== EXERCISE INSTRUCTIONS ==
Output exactly the lines that run from the top of the entries to the line holding "4 ½ Jahre, großer", including both of those lines.

※

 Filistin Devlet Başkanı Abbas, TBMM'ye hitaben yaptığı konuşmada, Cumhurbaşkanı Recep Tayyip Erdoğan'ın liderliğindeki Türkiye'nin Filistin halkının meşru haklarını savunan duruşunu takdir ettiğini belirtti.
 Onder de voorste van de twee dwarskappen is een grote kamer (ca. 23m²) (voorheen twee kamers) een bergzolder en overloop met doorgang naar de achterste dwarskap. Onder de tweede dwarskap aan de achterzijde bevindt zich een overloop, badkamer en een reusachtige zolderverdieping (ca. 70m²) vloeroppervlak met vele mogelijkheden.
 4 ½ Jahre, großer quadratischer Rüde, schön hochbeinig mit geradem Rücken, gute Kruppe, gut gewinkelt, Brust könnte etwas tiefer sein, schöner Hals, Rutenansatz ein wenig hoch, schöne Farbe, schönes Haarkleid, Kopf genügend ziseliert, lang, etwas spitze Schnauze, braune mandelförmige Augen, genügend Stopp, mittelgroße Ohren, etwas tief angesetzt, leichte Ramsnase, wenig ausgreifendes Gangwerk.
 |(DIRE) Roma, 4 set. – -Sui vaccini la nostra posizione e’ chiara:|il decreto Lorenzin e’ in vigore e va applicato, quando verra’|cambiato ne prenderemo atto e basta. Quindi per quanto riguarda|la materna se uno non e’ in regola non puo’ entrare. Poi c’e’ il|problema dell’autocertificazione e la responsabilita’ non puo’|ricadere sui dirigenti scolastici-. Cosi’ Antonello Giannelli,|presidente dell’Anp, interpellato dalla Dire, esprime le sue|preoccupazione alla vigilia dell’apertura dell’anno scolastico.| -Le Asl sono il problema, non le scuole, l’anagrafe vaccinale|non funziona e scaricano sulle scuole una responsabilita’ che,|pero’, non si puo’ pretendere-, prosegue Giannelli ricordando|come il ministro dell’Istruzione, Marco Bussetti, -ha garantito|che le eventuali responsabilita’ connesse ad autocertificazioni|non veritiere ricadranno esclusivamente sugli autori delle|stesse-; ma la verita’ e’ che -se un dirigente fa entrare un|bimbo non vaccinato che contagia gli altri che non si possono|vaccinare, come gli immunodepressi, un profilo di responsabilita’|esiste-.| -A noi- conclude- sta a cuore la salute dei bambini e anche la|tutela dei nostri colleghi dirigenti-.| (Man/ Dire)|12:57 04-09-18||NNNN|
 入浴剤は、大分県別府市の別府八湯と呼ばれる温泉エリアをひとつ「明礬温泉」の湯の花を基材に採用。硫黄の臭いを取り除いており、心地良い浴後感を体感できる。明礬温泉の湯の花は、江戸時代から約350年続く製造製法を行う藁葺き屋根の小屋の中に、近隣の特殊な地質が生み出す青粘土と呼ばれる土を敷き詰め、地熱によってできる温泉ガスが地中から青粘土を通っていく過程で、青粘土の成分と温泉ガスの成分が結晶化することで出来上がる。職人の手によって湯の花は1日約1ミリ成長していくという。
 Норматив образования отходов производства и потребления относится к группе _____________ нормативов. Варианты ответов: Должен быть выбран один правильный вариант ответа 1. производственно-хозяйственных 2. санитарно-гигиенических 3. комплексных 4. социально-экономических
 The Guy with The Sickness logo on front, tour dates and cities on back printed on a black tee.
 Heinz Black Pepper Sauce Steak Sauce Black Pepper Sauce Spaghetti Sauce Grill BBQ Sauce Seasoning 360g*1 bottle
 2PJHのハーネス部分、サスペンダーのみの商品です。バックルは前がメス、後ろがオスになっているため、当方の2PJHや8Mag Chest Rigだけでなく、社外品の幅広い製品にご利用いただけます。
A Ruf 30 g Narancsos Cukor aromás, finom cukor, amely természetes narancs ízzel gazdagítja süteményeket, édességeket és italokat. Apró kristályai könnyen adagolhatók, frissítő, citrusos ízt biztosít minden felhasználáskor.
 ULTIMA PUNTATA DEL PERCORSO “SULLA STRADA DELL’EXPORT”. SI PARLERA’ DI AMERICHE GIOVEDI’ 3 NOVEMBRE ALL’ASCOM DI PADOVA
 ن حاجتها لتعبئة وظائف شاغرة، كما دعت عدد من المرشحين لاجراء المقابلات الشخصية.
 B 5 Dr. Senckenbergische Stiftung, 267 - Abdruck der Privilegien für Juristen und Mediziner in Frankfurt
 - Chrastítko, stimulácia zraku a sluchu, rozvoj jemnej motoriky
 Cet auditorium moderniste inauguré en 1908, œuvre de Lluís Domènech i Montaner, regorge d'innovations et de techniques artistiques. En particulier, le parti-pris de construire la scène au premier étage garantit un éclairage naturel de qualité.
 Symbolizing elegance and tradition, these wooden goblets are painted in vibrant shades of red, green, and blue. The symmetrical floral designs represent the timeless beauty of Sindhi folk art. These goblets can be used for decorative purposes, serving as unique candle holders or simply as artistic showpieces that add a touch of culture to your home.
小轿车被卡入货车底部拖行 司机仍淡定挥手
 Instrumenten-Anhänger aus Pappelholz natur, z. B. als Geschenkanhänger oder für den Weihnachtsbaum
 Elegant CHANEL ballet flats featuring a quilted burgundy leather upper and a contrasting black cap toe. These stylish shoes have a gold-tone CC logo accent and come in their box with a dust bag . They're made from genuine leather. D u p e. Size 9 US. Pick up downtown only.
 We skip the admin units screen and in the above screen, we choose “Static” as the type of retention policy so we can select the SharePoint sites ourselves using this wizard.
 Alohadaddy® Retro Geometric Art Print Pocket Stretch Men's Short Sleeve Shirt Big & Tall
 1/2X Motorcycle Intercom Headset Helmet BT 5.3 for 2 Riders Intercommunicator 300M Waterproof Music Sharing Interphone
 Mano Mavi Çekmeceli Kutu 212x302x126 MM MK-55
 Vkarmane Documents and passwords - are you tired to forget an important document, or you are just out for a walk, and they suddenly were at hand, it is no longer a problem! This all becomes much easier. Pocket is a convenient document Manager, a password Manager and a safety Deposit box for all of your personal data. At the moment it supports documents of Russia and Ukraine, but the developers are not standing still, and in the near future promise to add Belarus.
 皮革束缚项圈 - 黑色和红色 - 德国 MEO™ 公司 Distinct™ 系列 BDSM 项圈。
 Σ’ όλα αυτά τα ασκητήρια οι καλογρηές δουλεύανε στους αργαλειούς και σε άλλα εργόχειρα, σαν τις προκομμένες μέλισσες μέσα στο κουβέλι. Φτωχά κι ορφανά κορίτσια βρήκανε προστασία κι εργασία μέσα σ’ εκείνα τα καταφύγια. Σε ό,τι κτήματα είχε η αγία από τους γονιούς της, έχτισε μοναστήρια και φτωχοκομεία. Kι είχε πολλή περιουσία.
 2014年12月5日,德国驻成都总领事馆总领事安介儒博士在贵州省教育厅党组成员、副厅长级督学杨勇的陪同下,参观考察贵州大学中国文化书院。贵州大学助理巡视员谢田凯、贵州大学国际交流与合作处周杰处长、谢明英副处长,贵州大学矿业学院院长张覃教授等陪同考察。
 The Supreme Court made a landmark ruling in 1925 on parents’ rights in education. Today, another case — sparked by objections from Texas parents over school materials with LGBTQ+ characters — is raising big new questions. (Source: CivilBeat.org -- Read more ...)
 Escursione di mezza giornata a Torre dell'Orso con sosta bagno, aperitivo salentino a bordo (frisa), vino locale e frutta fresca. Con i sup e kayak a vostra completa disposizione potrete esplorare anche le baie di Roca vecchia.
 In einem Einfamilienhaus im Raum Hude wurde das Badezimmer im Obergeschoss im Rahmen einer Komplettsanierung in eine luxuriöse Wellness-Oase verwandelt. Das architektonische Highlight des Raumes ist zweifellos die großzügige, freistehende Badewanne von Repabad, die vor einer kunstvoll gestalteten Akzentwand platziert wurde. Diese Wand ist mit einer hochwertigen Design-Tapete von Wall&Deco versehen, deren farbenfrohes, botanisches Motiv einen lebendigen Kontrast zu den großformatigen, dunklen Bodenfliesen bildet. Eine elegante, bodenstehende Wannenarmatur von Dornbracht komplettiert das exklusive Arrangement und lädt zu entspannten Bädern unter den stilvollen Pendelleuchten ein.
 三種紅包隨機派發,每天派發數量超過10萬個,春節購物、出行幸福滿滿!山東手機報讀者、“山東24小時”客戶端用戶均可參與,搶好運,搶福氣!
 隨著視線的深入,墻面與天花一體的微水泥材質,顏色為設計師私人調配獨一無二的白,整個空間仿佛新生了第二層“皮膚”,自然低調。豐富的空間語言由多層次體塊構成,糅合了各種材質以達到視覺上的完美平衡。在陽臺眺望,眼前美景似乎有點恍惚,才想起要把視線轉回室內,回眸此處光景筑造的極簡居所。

※

== SOLUTION TO THIS EXERCISE ==
 Filistin Devlet Başkanı Abbas, TBMM'ye hitaben yaptığı konuşmada, Cumhurbaşkanı Recep Tayyip Erdoğan'ın liderliğindeki Türkiye'nin Filistin halkının meşru haklarını savunan duruşunu takdir ettiğini belirtti.
 Onder de voorste van de twee dwarskappen is een grote kamer (ca. 23m²) (voorheen twee kamers) een bergzolder en overloop met doorgang naar de achterste dwarskap. Onder de tweede dwarskap aan de achterzijde bevindt zich een overloop, badkamer en een reusachtige zolderverdieping (ca. 70m²) vloeroppervlak met vele mogelijkheden.
 4 ½ Jahre, großer quadratischer Rüde, schön hochbeinig mit geradem Rücken, gute Kruppe, gut gewinkelt, Brust könnte etwas tiefer sein, schöner Hals, Rutenansatz ein wenig hoch, schöne Farbe, schönes Haarkleid, Kopf genügend ziseliert, lang, etwas spitze Schnauze, braune mandelförmige Augen, genügend Stopp, mittelgroße Ohren, etwas tief angesetzt, leichte Ramsnase, wenig ausgreifendes Gangwerk.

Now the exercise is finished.